PREMIUM
News

Easter has Tongala town ‘hopping’

Start the hunt: Cooper and Savannah Pettie prepare for the start of Easter while at the Tongala Easter Hay Bale Trail launch last week.

Hay bales have become much more than a means of satisfying the appetites of hungry farm stock in the Tongala community — they have become representative of the ingenuity and enthusiasm of a small town to spread the word of its aim to maintain relevance in a fast-growing world.

At the Easter Hay Bale Trail launch on the Thursday evening before the Easter holiday period began, a large gathering of community members again celebrated the work of the town’s development group.

An Easter egg hunt was run in conjunction with a cake stall organised by the town’s primary school Parents and Friends Club, while celebrating the work of volunteer artists who had again created amazingly colourful hay bales with messages to match.

The hop-themed hay bales were accompanied by an Anzac Day hay bale, fittingly located a little closer to the RSL headquarters to the east of the Potts Village Green location of the celebration.
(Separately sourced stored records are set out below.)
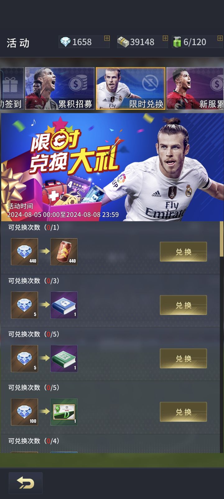 01充值返利【活动时间】:8月8日00:00-8月11日23:59【活动内容】:累充充值达到指定金额即可领取奖励累计6元:6元超值豪礼*6累计30元:扭蛋币*5,球王印记*5万,海报珍品券*5累计198元:6元超值豪礼*30,球王印记*5万,海报珍品券*20累计328元:万能碎片*60,球王印记*30万,海报珍品券*40累计648元:魔鬼特训卡*360,精英之证*5000,海报珍品券
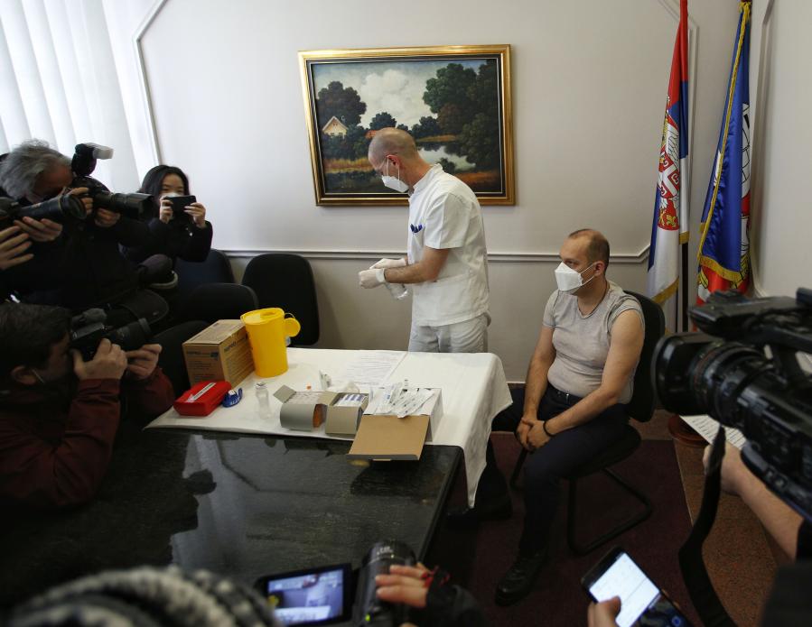 1月19日,塞尔维亚卫生部长隆查尔(右一)在塞尔维亚首都贝尔格莱德准备接种中国新冠疫苗。新华社发(塞尔维亚通讯社供图)
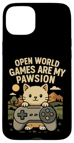 Funny Cat Gamer Pun Open World Jeu vidéo Meme Joke Fan de Chat Coque pour iPhone 15 Plus
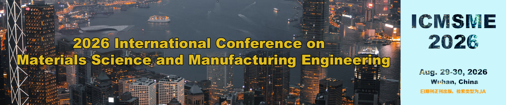 2026 International Conference on Materials Science and Manufacturing Engineering (ICMSME 2026) will be held on Aug. 29-30, 2026 in Wuhan, China. The aim of ICMSME 2026 is to provide a platform for researchers, engineers, academicians as well as industrial professionals from all over the world to present their research results and development activities Materials Science and Manufacturing Engineering. It provides opportunities for the delegates to exchange new ideas and application experiences, to establish business or research relations and to find global partners for future collaboration.All accepted papers will be submitted to SCI/EI Journals Publication.
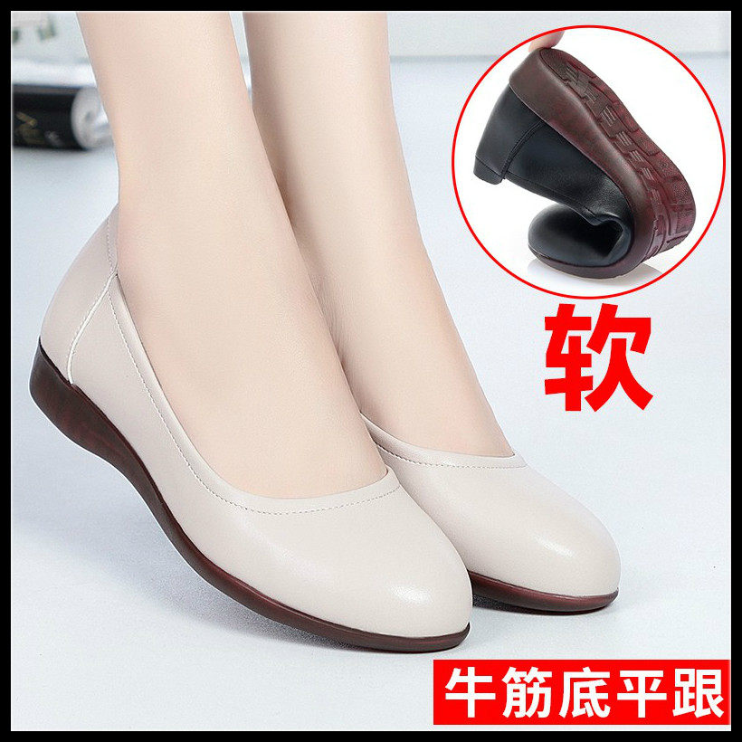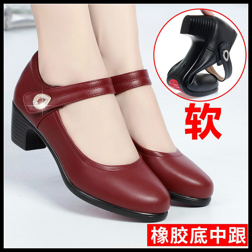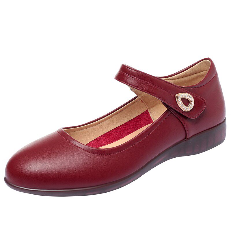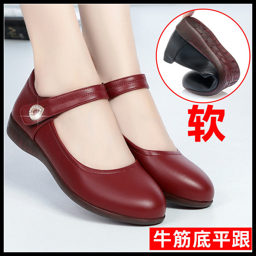 Mother shoes single shoes leather flat bottom comfortable soft bottom run moon shoes middle-aged summer middle-aged and elderly one word buckle red shoes leather shoes
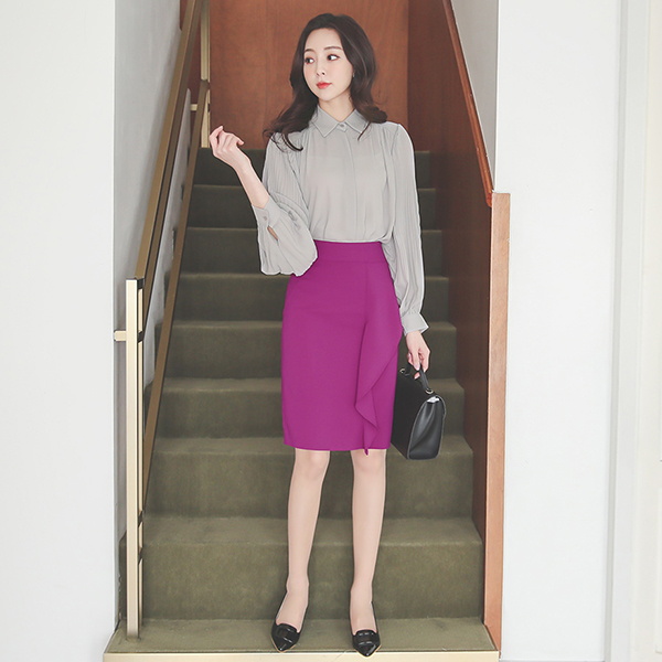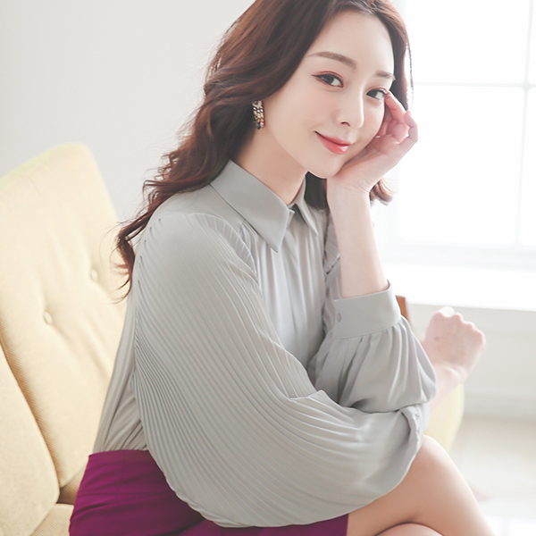 プリーツ パフ 袖 隠しボタン ブラウス
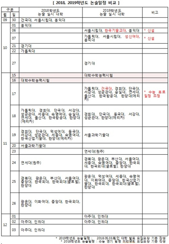 논술전형을 신설한 성신여대와 한국기술교대는 모두 수능 전 논술을 한다. 수능 전 논술을 실시한 대표적인 대학 중 하나였던 건국대는 2019학년도 논술을 수능 후에 실시한다. 가톨릭대(의예과 제외) 전년도와 비교하면 약 2주가량 논술 일정을 앞당겼다. 반면, 서울시립대(수능 전)와 경기대, 덕성여대, 세종대, 숙명여대, 한국산업기술대, 홍익대는 논술 실시 일정을 일주일 정도 늦췄다.
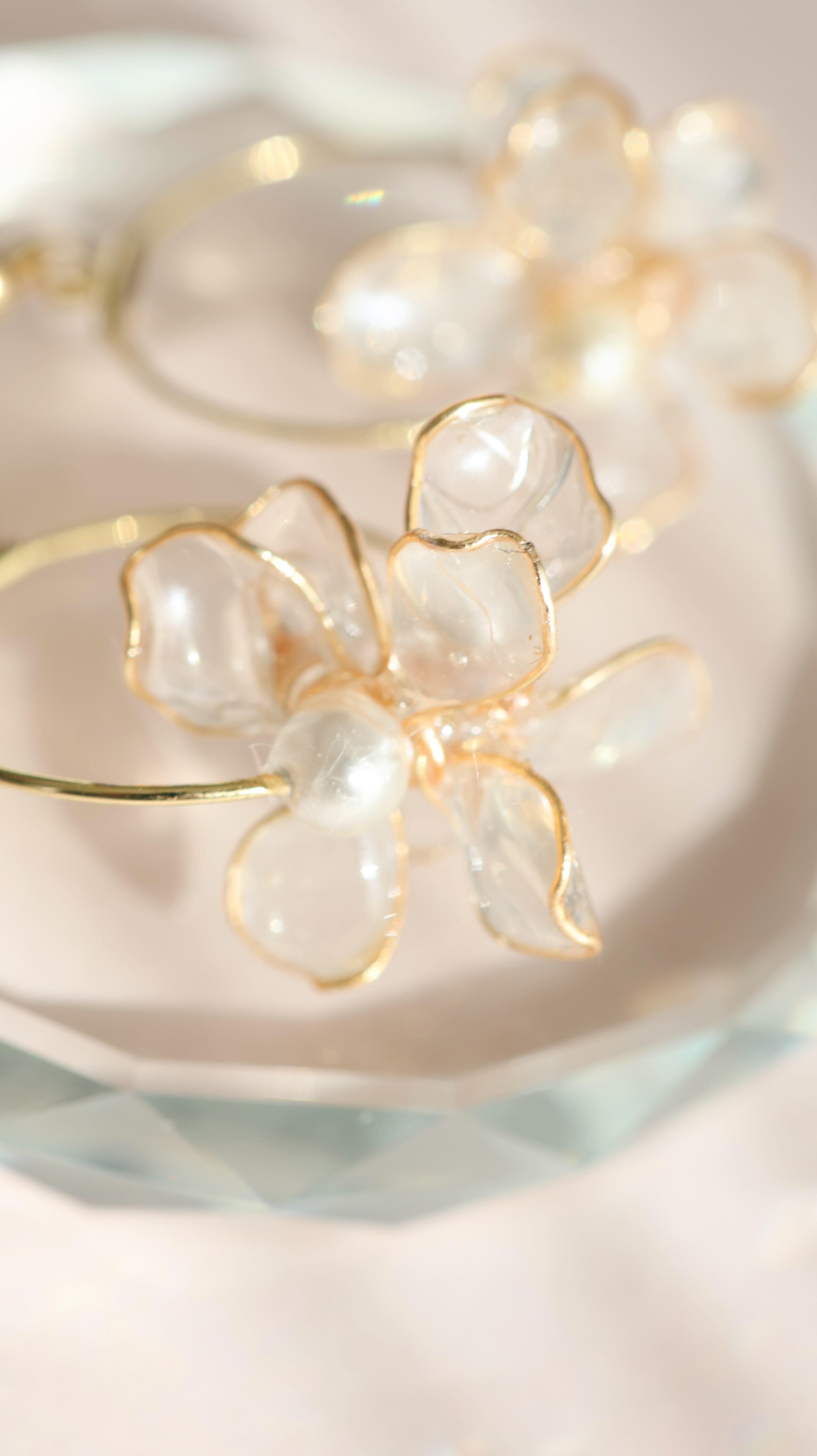 やわらかな花びらを包むゴールドの輪に、
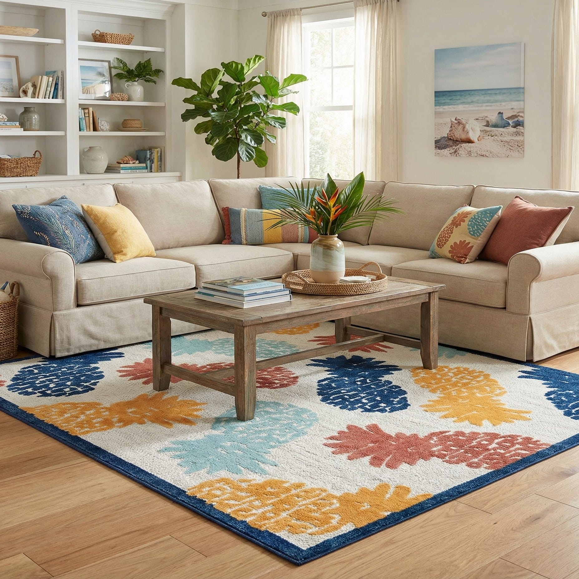 Primary color is White. Colors in this rug include: White, Light Blue, Navy Blue, Yellow, Pink.
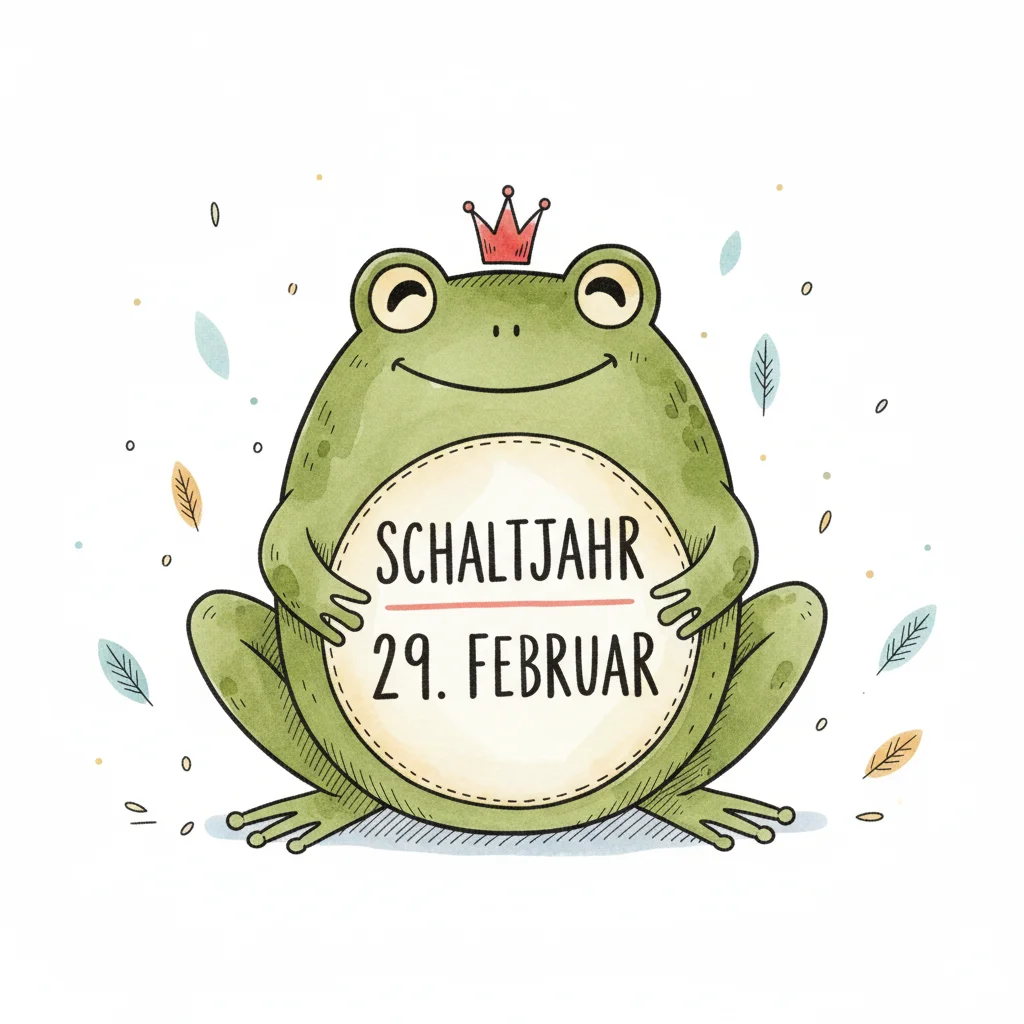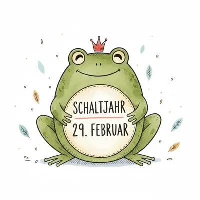 Ein lächelnder Frosch mit Krone präsentiert ein Schild mit "Schaltjahr 29. Februar".
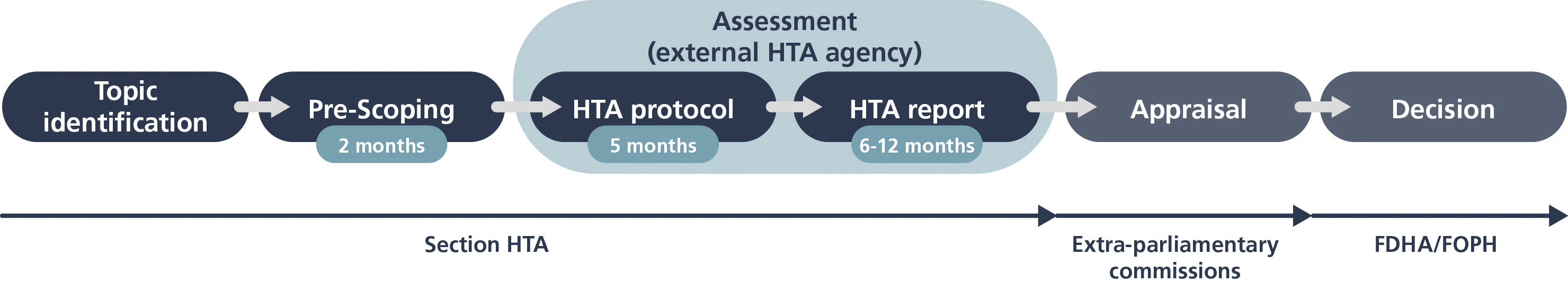 - The Federal Commissions appraise the HTA report and submit a recommendation to the Federal Department of Home Affairs (FDHA) or, in the case of medicines, to the FOPH.
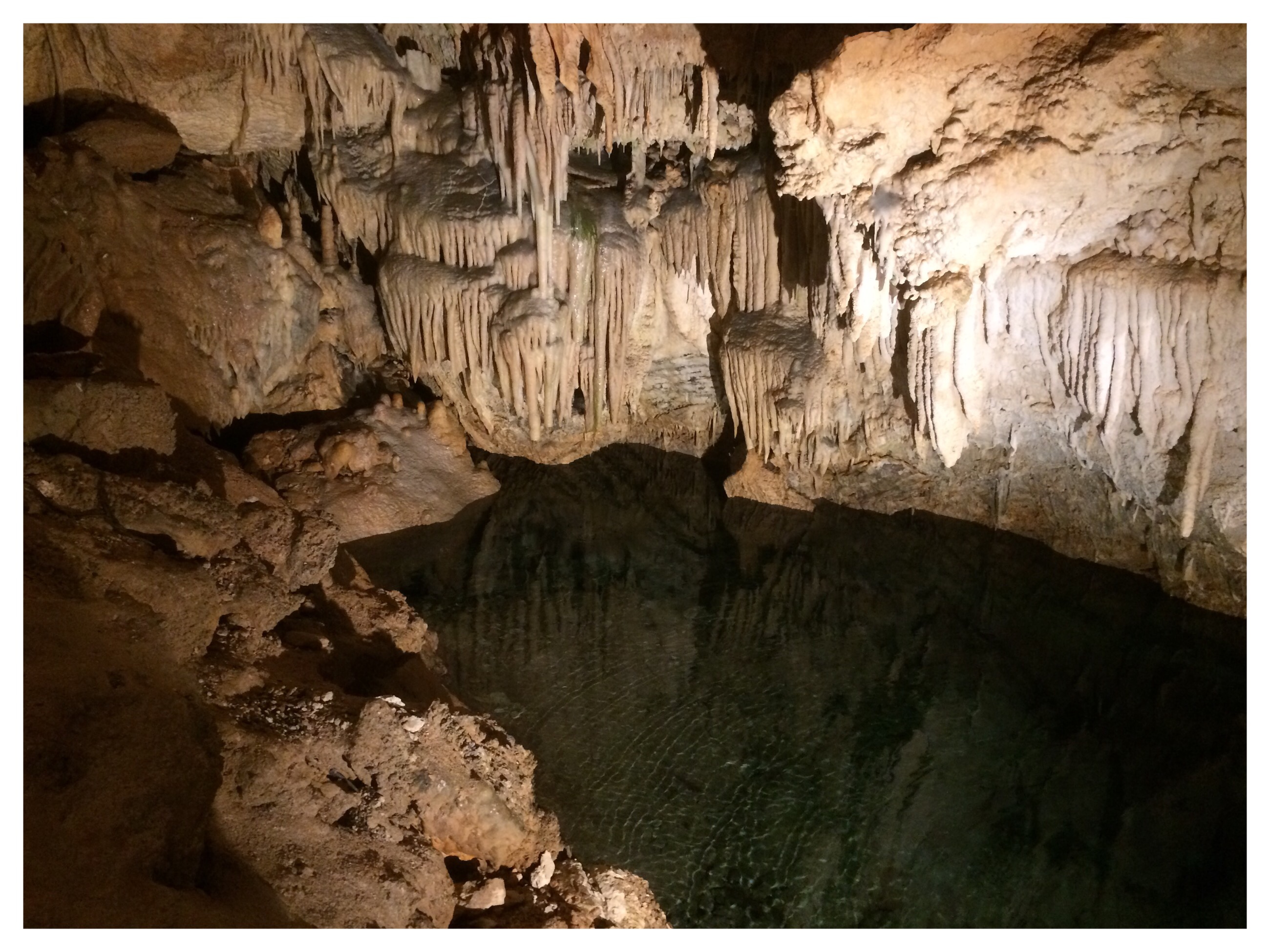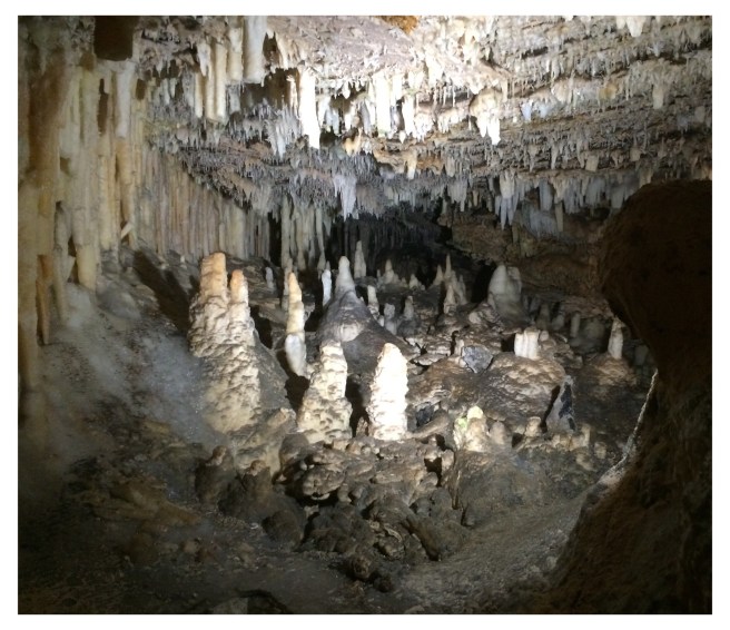 The Crystal Cave tour was another highlight of our sightseeing in Bermuda. The cave is fascinatingly beautiful. There’s no life in the water of course because there is no sunlight that reaches into the caves. However, we did learn about a species of shrimp that has adapted to living in the dark caves. They have no eyes. They are translucent. And, get this – they live off of bacteria that grow on their legs! Ick! If they get hungry, as our tour guide so eloquently put it, “They just lick a leg.” The mingling of fresh water (rain water that drips down into the caves) with the salt sea water causes a prism effect where you can’t really tell accurately how far away the surface of the water is or how deep the water is. I couldn’t believe it was over forty feet deep. It looked more like ten!

Organisers of the Easter Hay Bale Trail launch were again ecstatic with the response to the event.

In recent years they have had tremendous success with the Eats and Beats food and music festival, along with the Christmas Hay Bale Trail which extends from one side of the town to the other and has almost 20 locations.

Hop on top: Charlotte and Blake Gillie had the best seat in the house when they sat proudy atop one of the hop-themed hay bales before the Easter egg hunt at the Tongala development group event on the Potts Village Green.
Concentrated effort: Tait Ohlsen and Chett Cox working on their Easter egg collection devices before dozens of children excitedly started the egg hunt last week.